In a major contribution to our (?non-) understanding of the ‘compliance-effect,’ the research team showed that the increased risk of death among poor placebo compliers could not be accounted for by taking account of 40 baseline characteristics associated with 5-year mortality, the characteristics that one might insert these days into a ‘propensity score’ in an attempt to create comparable groups using statistical adjustments (Furberg 2009). After this ‘propensity score correction,’ the Relative Risk Reduction of 46% only fell to 36%, the z-score from -8.12 to -5.78 and the P-value from 0.00000000000000047 to a still-overwhelming 0.00000000073.
The investigators concluded:
“These findings and various other analyses of mortality in the clofibrate and placebo groups of the project show the serious difficulty, if not impossibility, of evaluating treatment efficacy in subgroups determined by patient responses (e.g., adherence [to treatment], or cholesterol change) to the treatment protocol after randomization.”
Compliant patients do have better prognoses, regardless of their prescribed treatment (as long as it isn’t inherently toxic). Thus, (inappropriately called) ‘per-protocol’ analyses confined to compliant patients are inherently invalid. That’s why our RCTs have employed the ‘fair comparison’ strategies of unobtrusive compliance measures, intention-to-treat analyses , and keeping track of everybody who enters them. Michael Walsh and colleagues (2014) have documented that over 50% of ‘positive’ RCTs in leading journals have losses to follow-up that exceed the fragility of their positive result. I recently toted up the losses-to-follow-up among the >12,000 participants in the trials in which I have been a principal investigator and was cheered to find that it was only 0.4 per cent.
Worry #3. I became worried that patients who liked their treatment might report spuriously better outcomes.
As clinical clerks on the internal medicine service we were encouraged to read every week’s issues of the Journal of the American Medical Association (JAMA) and the New England Journal of Medicine (NEJM). For example, in May of 1959 we learned from JAMA about the first few successful cardiopulmonary resuscitations, and how the active ingredient in the Sabin polio vaccine rapidly spreads throughout an institutional population. The NEJM told us how to select patients for ‘definitive’ surgery for their duodenal ulcers, and how we could obtain rapid polio immunization by injecting 10 mL of the Salk vaccine.

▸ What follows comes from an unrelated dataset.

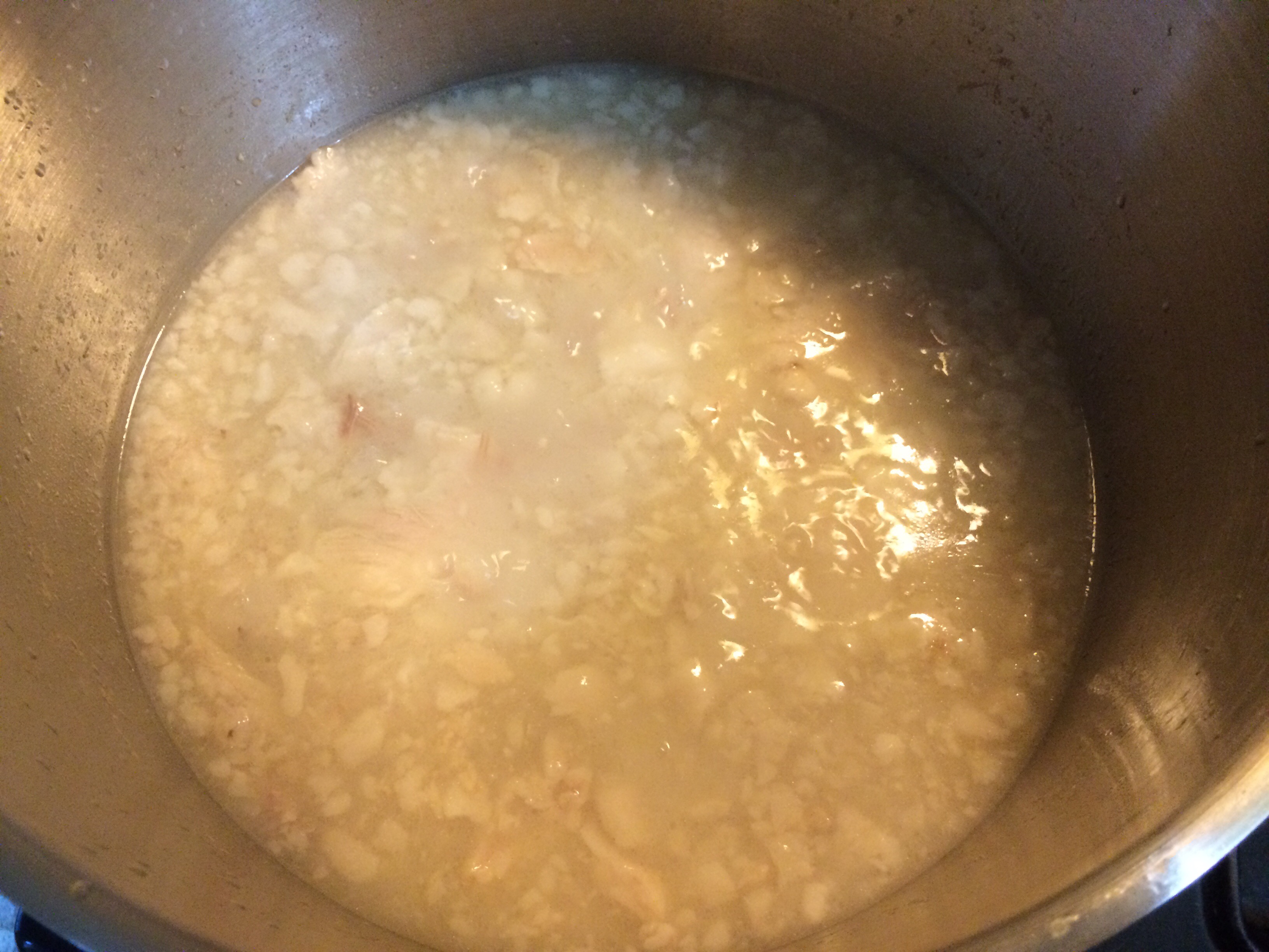 8:30am — Starting the long-haul boil, with ~1 lb fatback added

But the paper in the NEJM that made the greatest, lasting impression on me was a report from a surgeon. Leonard Cobb, and his colleagues had randomized and blinded patients who were so seriously limited by angina that the majority were unemployed (Cobb et al. 1959). Randomized to what? In the decade before their trial, thousands of angina patients had undergone the ‘miracle operation’ of internal mammary artery ligation (based on the theory that blood previously coursing down these arteries would be partially redistributed to the coronary circulation). As reported in Readers’ Digest in July 1957 (Ratcliff 1957): “complete or partial relief from the pain that accompanies the major types of heart disease has been obtained in nearly 80% of the several hundred operations performed to date.” This simple operation (done under local anesthesia in just a few minutes) became so popular that one wag suggested that: “It is, perhaps, surprising that between 1955 and 1960 there were still patients with angina whose mammary arteries were not ligated.” Indeed, all three of the patients I had examined who had surgical scars over their ribs claimed their operations had improved or relieved their angina. Thus, although in Cobb’s randomized trial “subjects were informed of the fact that this procedure had not been proved to be of value, … many were aware of the enthusiastic report published in the Readers’ Digest.”

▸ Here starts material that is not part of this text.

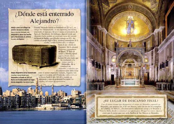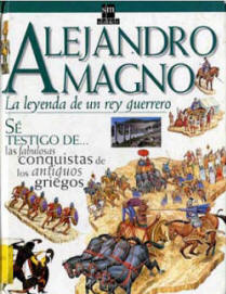2000: Peter CHRISP, Alejandro Magno. La leyenda de un rey guerrero, SM, Madrid orig. Londres, 2000). Publicación de marcada finalidad didáctica basada en la complementariedad entre un texto cargado de información y una imagen que combina la reproducción fotográfica de obras artísticas en formatos diversos con el dibujo en perspectiva de reconstrucciones de escenarios y arquitecturas de acuerdo con el sistema 3D -generalizado en este tipo de publicaciones y compartido a menudo con formatos tales como los de las guías turísticas- en el marco de un formato a doble página generalmente apaisado que reproduce exactamente la edición original anglosajona realizada por Dorling Kindersley Ltd. De igual modo, la colección en la que se enmarca constituye la versión traducida de la publicada por dicha editorial anglosajona. Incorpora un índice alfabético al final.

In Cobb’s trial, a screen prevented patients from seeing what was happening as their internal mammary arteries were surgically exposed. After a ligature had been placed loosely around these arteries, the surgeon was handed a “randomly selected envelope” which contained a card instructing him either to tie off the arteries, or to remove the loose ligature and leave the arteries alone. Thus, the patients had neither the choice nor the knowledge of whether their arteries were ligated.
During their 3-15 month follow-up by physicians who were kept unaware of the group to which each trial participant had been assigned (ligation or not), some spectacular results were documented: for example, Case #4, who had previously been unable to work because of his angina, reported almost instant relief and was able to return to work (in fact, his arteries had not been ligated).
On the other hand, “The average improvement was 32% for the ligated patients and 43% for those whose internal mammary arteries were not ligated.” The trialists concluded: “Bilateral skin incisions in the second intercostal space seem to be at least as effective as internal-mammary-artery ligation in the therapy of angina pectoris.”
Although internal mammary ligation rapidly disappeared after this and a second randomized trial was reported (Bunker et al. 1977; McPherson and Bunker 2006), this “positive expectation bias” has continued to haunt attempts to critically appraise therapeutic fads to the present day, as we continue to debate the efficacy of ‘liberation therapy’ for patients with multiple sclerosis.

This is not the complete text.